Evangelical group calls Trump admin’s new immigration rule ‘counter-effective,’ ‘short-sighted’

Acting Director of U.S. Citizenship and Immigration Services Ken Cuccinelli speaks about immigration policy at the White House during a briefing August 12, 2019 in Washington, D.C. | Win McNamee/Getty Images

An evangelical humanitarian organization says the Trump administration’s newly announced public charge rule “short-sighted” and “counter-effective.”

On Monday, U.S. Citizenship and Immigration Services Acting Director Ken Cuccinelli announced that a new public charge rule would be implemented to prevent legal immigrants from getting green cards if they rely on food stamps, Medicaid, or other taxpayer-funded services. It is scheduled to take effect on Oct. 15.

Cuccinelli said that while federal law has required foreign-born residents to rely on their own resources since 1996, Congress had never defined what the term public charge meant.

“Under the rule, a public charge in now defined as an individual who receives one or more designated public benefits for more than 12 months in the aggregate within any 36-month period. For instance, receipt of two different benefits in one month counts as two months,” he said.

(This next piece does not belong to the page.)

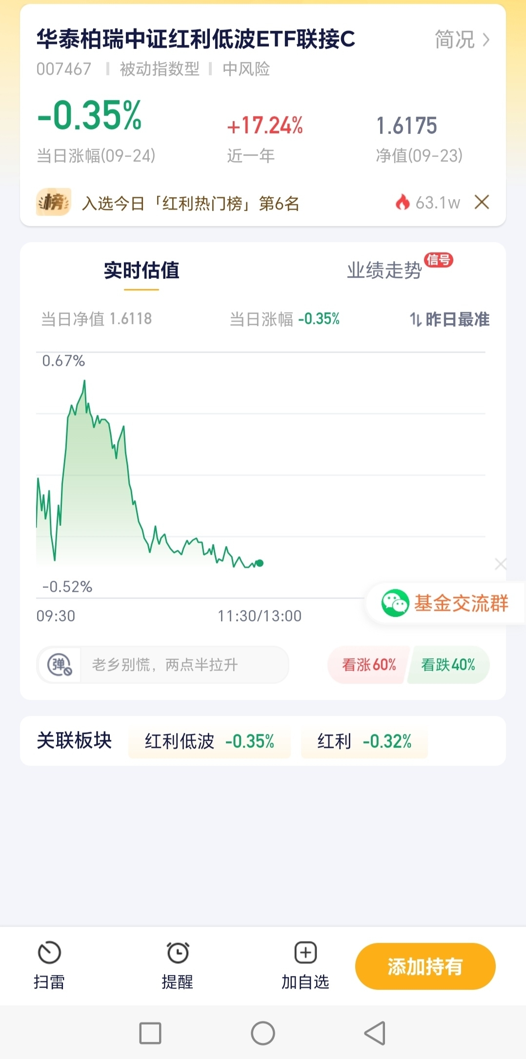 关注红利低波的朋友看过来,华泰柏瑞近一年涨17.24%,今天进了红利热门榜!最近市场波动,科技板块起起伏伏,红利板块调整后是参与好时机,美联储大概率继续降息,利率下行、股息率回升,科技+红利配置可攻可守。想布局的,华泰柏瑞值得考虑,潜力没谁了!

“Some examples of the public benefits that are part of the rule are general assistance, SSI, SNAP, most forms of Medicaid, and certain subsidized housing programs.”

The new rule will exempt from its definition of public benefits types of government assistance aimed at protecting children and the health of pregnant women, Cuccinelli added.  

Matthew Soerens, U.S. director of Church Mobilization at the nonprofit organization World Relief, emailed a statement to The Christian Post on Tuesday critiquing the new rule.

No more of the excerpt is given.